• TASK GOAL: Only the lines from the one containing "Si quiere aprender" to the end of the data should be copied, exactly and without pictures.

• COLLECTED MATERIAL:

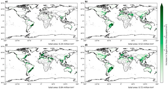 Candidate sugarcane cultivation areas (thousand km2) in regions with high maritime energy demand. Left panels (a,c) consider coastal-adjacent allocation areas, applying a ≤~400 km shoreline mask to prioritize port-proximate siting; right panels (b,d) depict the regions with high maritime energy demand not limited to coast adjacency.
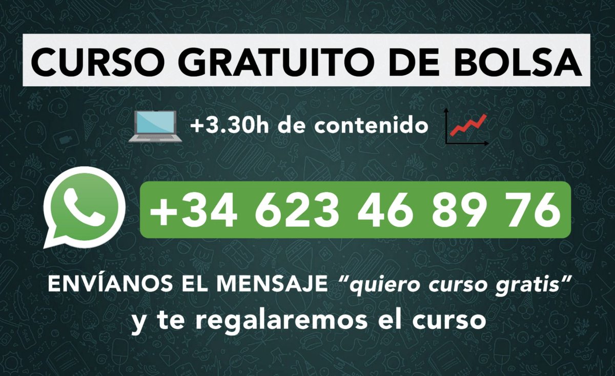 Si quiere aprender a invertir ya sabes que simplemente enviándonos un whatsapp te compartiremos un curso de bolsa gratis de mas de 3h con el que puedes aprender muchísimo.
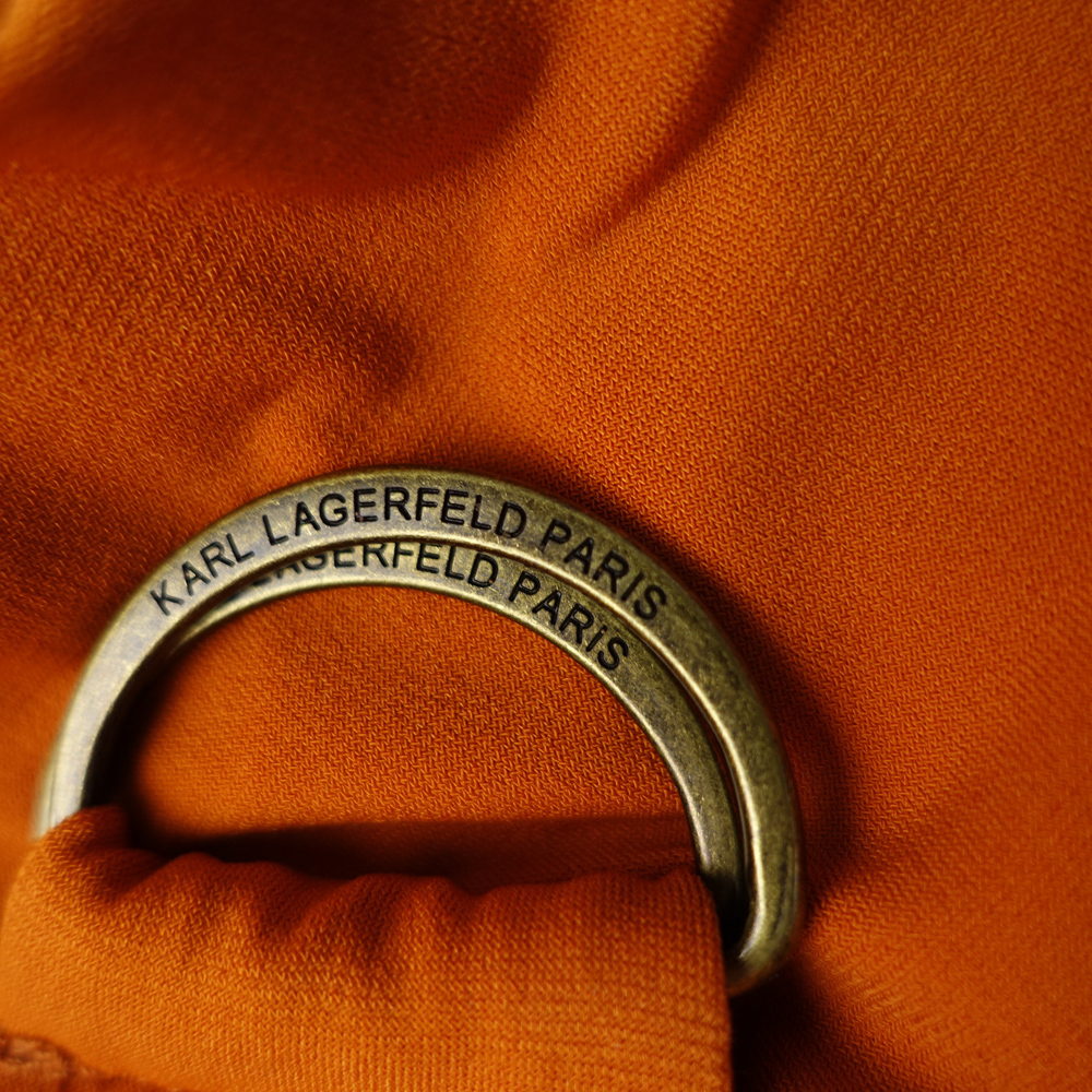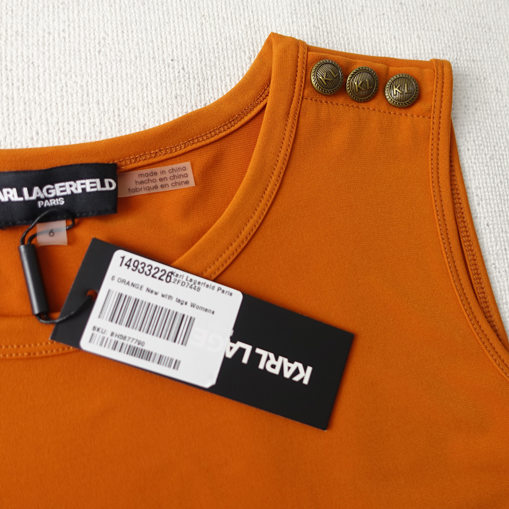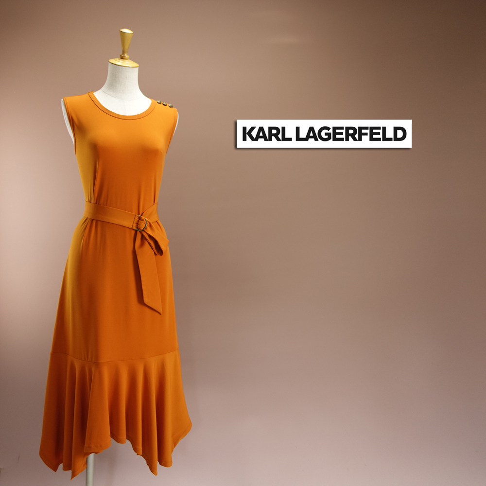 送料230円 新品カールラガーフェルド 17号 オレンジ ノースリーブ ロゴ入りベルト フレア ロング ワンピース リゾートドレス 凛44J0603
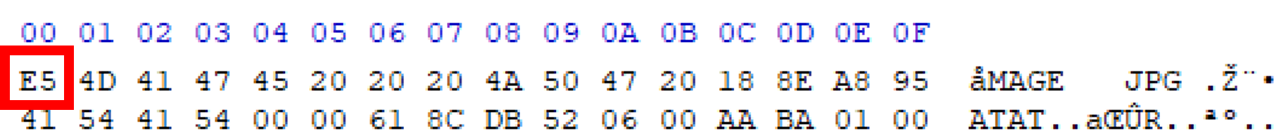 - Directory Entry의 파일 이름 첫 바이트가 삭제 플래그인 0xE5로 변한다.

• EXPECTED ANSWER:
 Si quiere aprender a invertir ya sabes que simplemente enviándonos un whatsapp te compartiremos un curso de bolsa gratis de mas de 3h con el que puedes aprender muchísimo.
 送料230円 新品カールラガーフェルド 17号 オレンジ ノースリーブ ロゴ入りベルト フレア ロング ワンピース リゾートドレス 凛44J0603
 - Directory Entry의 파일 이름 첫 바이트가 삭제 플래그인 0xE5로 변한다.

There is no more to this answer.